Владимир Порудоминский - Короткая остановка на пути в Париж
Фрау Гунст, несмотря на перенесенные лишения военного времени, сохранила миловидность лица и округлость форм. Отношения с ней инженер-майора оставались тайной, впрочем, нисколько Ребе не интересовали. Душой его владела девушка, дочка, — она виделась ему совершенством, даже внешне, хотя трудно было не заметить ее, пожалуй, несколько долгий нос и мелкие зубки. С той ночи, которую Ребе провел у своей спасительницы, он по-прежнему, как и до этого, не знал женщин. Солдаты, сослуживцы, быстро разгадали это и подшучивали над ним, нахальная медсестра Валентина в банный день с хохотом звала его, громко, чтобы все слышали: «Давай с нами, с девками, мыться, мы тебя спину мылить научим!», но шутки и разговоры не задевали Ребе, будто не к нему и относились, и того менее пробуждали в нем желание отправиться вместе с другими к какой-нибудь известной свободным нравом особе и подтвердить свое мужское начало. Только с этой немецкой девушкой он в мечтах своих был мужчиной, обнимал и ласкал ее и имел от нее детей, и чувствовал себя готовым положить за нее жизнь.
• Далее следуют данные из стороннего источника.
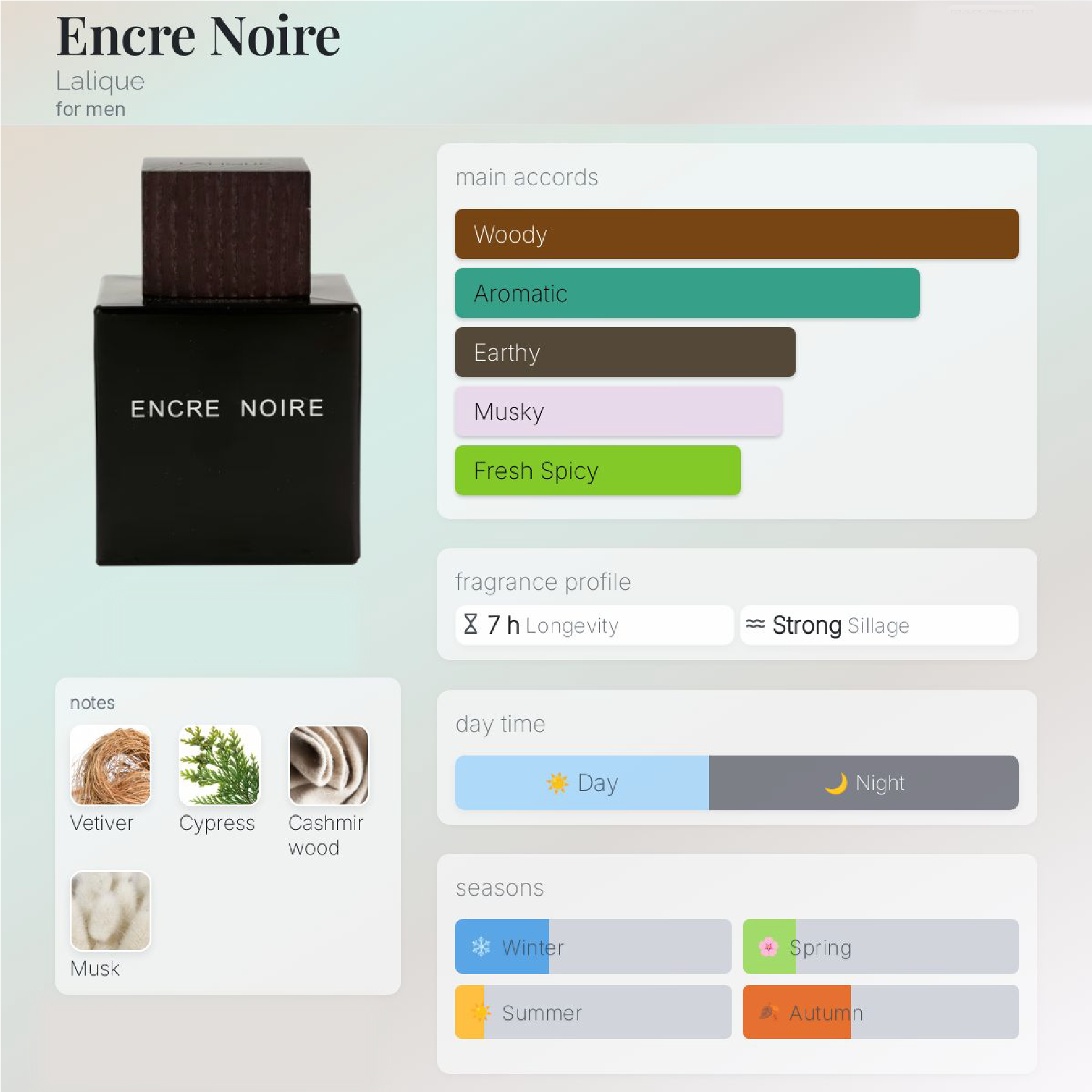 در کل این ادو تویلت بویی مثل رایحه‌ی چوب سوخته از خود به جا می‌گذارد. خط نت‌های این عطر، حتی وقتی از محیطی که در آن بودید خارج می‌شوید، همچنان حس می‌شود. لالیک انکر نویر با فرمولاسیون و طراحی این ادو تویلت در سال 2006 توسط عطرساز مشهور «ناتالی لورسن» (Nathalie Lorson) انجام شده است. با نگاهی به بطری مکعبی و زیبای لالیک انکر نویر، متوجه شباهت آن به شیشه‌ی جوهر خوش‌نویسی یا به عبارت رایج‌تر، مرکبدان خواهید شد. پس بی‌دلیل نیست که اسم آن را به زبان فرانسوی Encre Noire انتخاب کرده‌اند. در بطری مکعبی به رنگ و شکل چوب است که با ایهامی زیبا و گویا، حال و هوای تلخ و چوبی این عطر را بازگو می‌کند. روی شیشه نام Encre Noire انکر نویر با رنگ سفید خودنمایی می‌کند. تمام این ویژگی‌ها، دلایلی است که این عطر را در میان ده عطر پرفروش تاریخ قرار داده‌اند. نام این محصول Encre Noire به معنای جوهر سیاه است و از طراحی ظاهرش نیز چنین برداشتی می‌شود.لالیک انکر نویر با این همه موارد خاص دارای نت و رایحه های زیر است.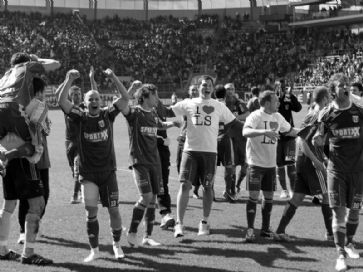 Glückliche Lausanne-Fans nach dem Spiel. /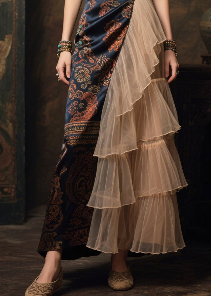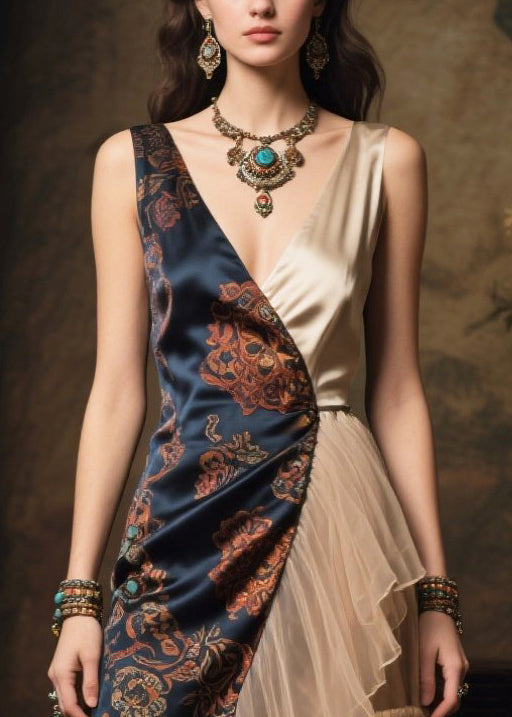 Elegant Asymmetrical Patchwork Tulle Silk Party Dress Summer

Лирические стихи немецких поэтов, которые он когда-то в школе и университете, не испытывая в том охоты, принужден был выучивать наизусть и которые теперь казались ему прекрасными, ясно, от первого до последнего слова, выстраивались в его памяти, — между тем, он и слова не сказал с девушкой, кроме ежедневных гутен таг и ауфвидерзеен, да еще данке — битте (это когда он приносил что-нибудь из еды, полученное в пайке). Его кормили в ту пору хорошо, лучше, чем других солдат части, в офицерской столовой, так что от пайка у него постоянно образовывались кое-какие излишки, — но дело и не в излишках: он готов был вовсе забыть про еду и питье, скажи ему кто-нибудь, что в таком случае он сможет взять девушку за руку, коснуться щекой ее щеки.
Он иной раз по четверти часа, а то и долее, таился в кустах, жадно высматривая, как девушка, занятая своими хозяйственными заботами, движется по кухне. Движения ее — чудилось ему — были удивительны: она не воду наливала в кастрюлю и не пыль тряпкой смахивала, а танцевала какой-то завораживающий волшебный танец. Наконец, он решался, окликал девушку своим гутен таг или просто э-э — произнести ее имя (которое знал) он стеснялся, в этом чувствовалось что-то нескромное, даже интимное, а назвать принятым фрейлейн Гунст не поворачивался язык. Девушка всякий раз пугалась, услышав его оклик: она привыкла, что люди подходят к дому по дорожке, а не выпархивают откуда-то сбоку из глубины куста; к тому же после перепуга первых дней нашествия в самой возможности появления русского солдата было что-то неожиданное и страшное. А ему, признаться, нравился ее испуг, когда она, как вкопанная, замирала на мгновение в том положении, в котором застигнута была его окликом — с поднятой рукой, или склоненная к полу, или держа в руке кружку, из которой продолжала литься вода. Битте — он вынимал из мешка и быстро кидал на подоконник буханку хлеба, кусок сала или сахар в пакете (такая благотворительность, как и вообще налаживание отношений с местным населением более чем положено начальством не одобрялось) — Битте. Данке — она таким же быстрым, понимающим движением смахивала то, что он положил, с подоконника куда-то внутрь помещения — Данке. Он смотрел на ее улыбку, золотистые локоны, на тонкие белые руки, тянущиеся из рукавчиков ставшего за последние год-другой коротким платьица, улыбался: битте, битте — и снова отступал в кусты.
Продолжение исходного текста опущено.